Dinner Rolls

I know it’s not really the thing right now to eat bread but I make really good dinner rolls. I do realize that other people make good rolls too. I love to mix the ingredients together in the bowl and to smell the yeast. I love the way the dough feels when I knead it and then separate it and roll it into balls of deliciousness. I love the anticipation of waiting for the dough to rise and the smell that fills the house when they are baking. And of course, picking up a hot roll and sliding a pat of butter inside to melt to make that roll even yummier. Here’s the recipe if you’re interested in bread.

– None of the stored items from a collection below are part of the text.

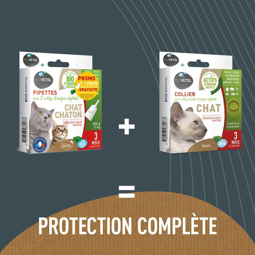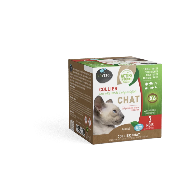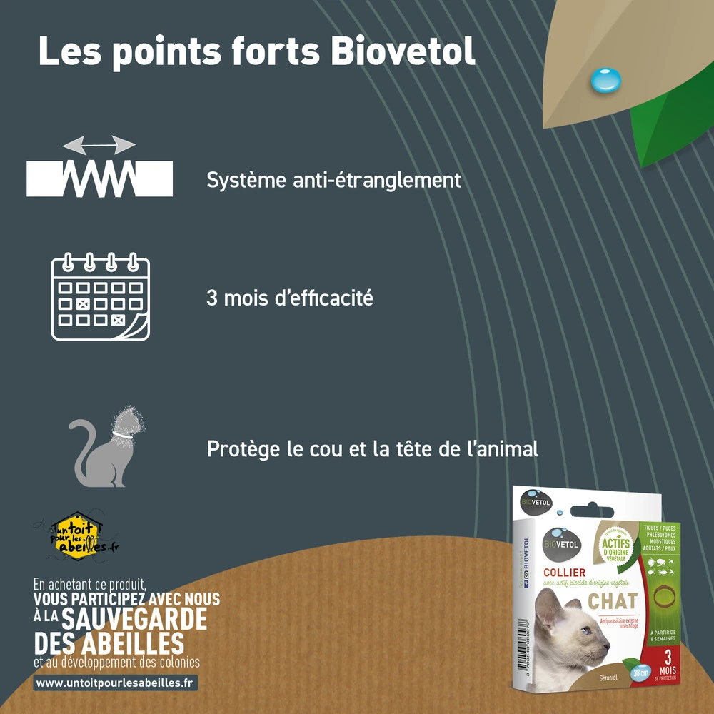 Repousse les parasites : le collier répulsif antiparasitaire biovetol pour chat est conçu pour repousser les parasites externes tels que les puces, les tiques et les moustiques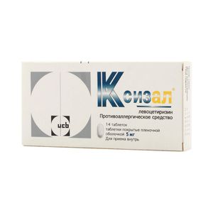 Показания к применениюСимптоматическая терапия аллергических заболеваний и состояний:— круглогодичный (персистирующий) и сезонный (интермиттирующий) аллергический ринит и аллергический конъюнктивит (зуд, чиханье, ринорея, слезотечение, гиперемия конъюнктивы, заложенность носа);— поллиноз (сенная лихорадка);— крапивница (в т.ч. хроническая идиопатическая крапивница);— отек Квинке;— другие аллергические дерматозы, сопровождающиеся зудом и высыпаниями.Применение при беременности и кормлении грудьюАдекватных и строго контролируемых клинических исследований по безопасности применения препарата у беременных женщин не проводилось, поэтому Ксизал; не следует назначать при беременности.Левоцетиризин выделяется с грудным молоком, поэтому при необходимости применения препарата в период лактации грудное вскармливание на время приема следует прекратить.В экспериментальных исследованиях на животных не выявлено каких-либо прямых или косвенных неблагоприятных эффектов левоцетиризина на развивающийся плод (в т.ч. в постнатальном периоде), течение беременности и родов также не изменялось.Противопоказания— терминальная стадия почечной недостаточности (КК менее 10 мл/мин);— детский возраст до 6 лет (для таблеток);— детский возраст до 2 лет (для капель для приема внутрь);— беременность;— повышенная чувствительность к компонентам препарата, особенно у пациентов с галактоземией или тяжелой непереносимостью лактозы (для таблеток);— повышенная чувствительность к левоцетиризину или производным пиперазина.С осторожностью следует применять препарат при хронической почечной недостаточности (требуется коррекция режима дозирования), у пациентов пожилого возраста (при возрастном снижении клубочковой фильтрации).Побочное действиеВозможные побочные эффекты приведены ниже по системам организма и частоте возникновения: часто (≥1/10); нечасто (от ≥1/100 до <1/10); редко (от ≥1/1000 до <1/100); очень редко (от ≥1/10 000 до < 1/1000).Со стороны ЦНС: нечасто — головная боль, утомляемость, сонливость; редко — астения; очень редко — агрессия, возбуждение, судороги, галлюцинации, депрессия, нарушение зрения.Со стороны сердечно-сосудистой системы: очень редко — тахикардия.Со стороны дыхательной системы: очень редко — диспноэ.Со стороны пищеварительной системы: нечасто — сухость во рту; редко — боль в животе; очень редко — тошнота, диарея, гепатит, изменение функциональных проб печени.Со стороны костно-мышечной системы: очень редко – миалгия.Со стороны обмена веществ: очень редко — увеличение массы тела.Аллергические реакции: очень редко – зуд, сыпь, крапивница, ангионевротический отек, анафилаксия.СоставЛевоцетиризина дигидрохлорид 5 мг.Вспомогательные вещества: лактозы моногидрат, целлюлоза микрокристаллическая, кремния диоксид коллоидный, магния стеарат.Состав оболочки: опадрай Y-1-7000 (гипромеллоза, титана диоксид (Е171), макрогол 400).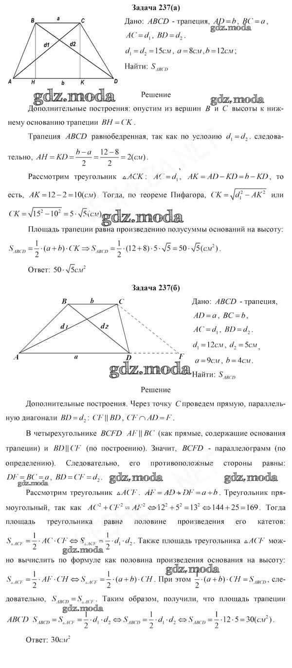 ОТВЕТ на задание № 237 Учебник по Геометрии 8 класс Казаков

¾ cups warm water                                                                                           1 ½ teaspoon yeast ( I usually use rapid rise yeast)                                             ¾ teaspoon salt                                                                                                 2 cups flour (I use organic unbleached all-purpose flour)                                       1 tablespoon sugar                                                                                             1 tablespoon butter, softened                                                                              1 ½ tablespoons melted butter to brush on top of the rolls

Dissolve the yeast in the warm water, add sugar and let it sit for five minutes. Add the butter, salt and flour. Mix until combined. Add additional flour as needed until the dough pulls away from the sides of the bowl. It should be slightly sticky. Knead for two minutes or until smooth. Cover the bowl and let it rise for 25 minutes.

Preheat the oven to 400. Punch the dough down and divide into eight rolls. Roll the dough around in your hands to form balls of dough and place the balls into an iron skillet. Brush with melted butter and sprinkle with salt. Let them rise for 20 minutes. Bake for about 15 minutes or until the rolls are golden brown.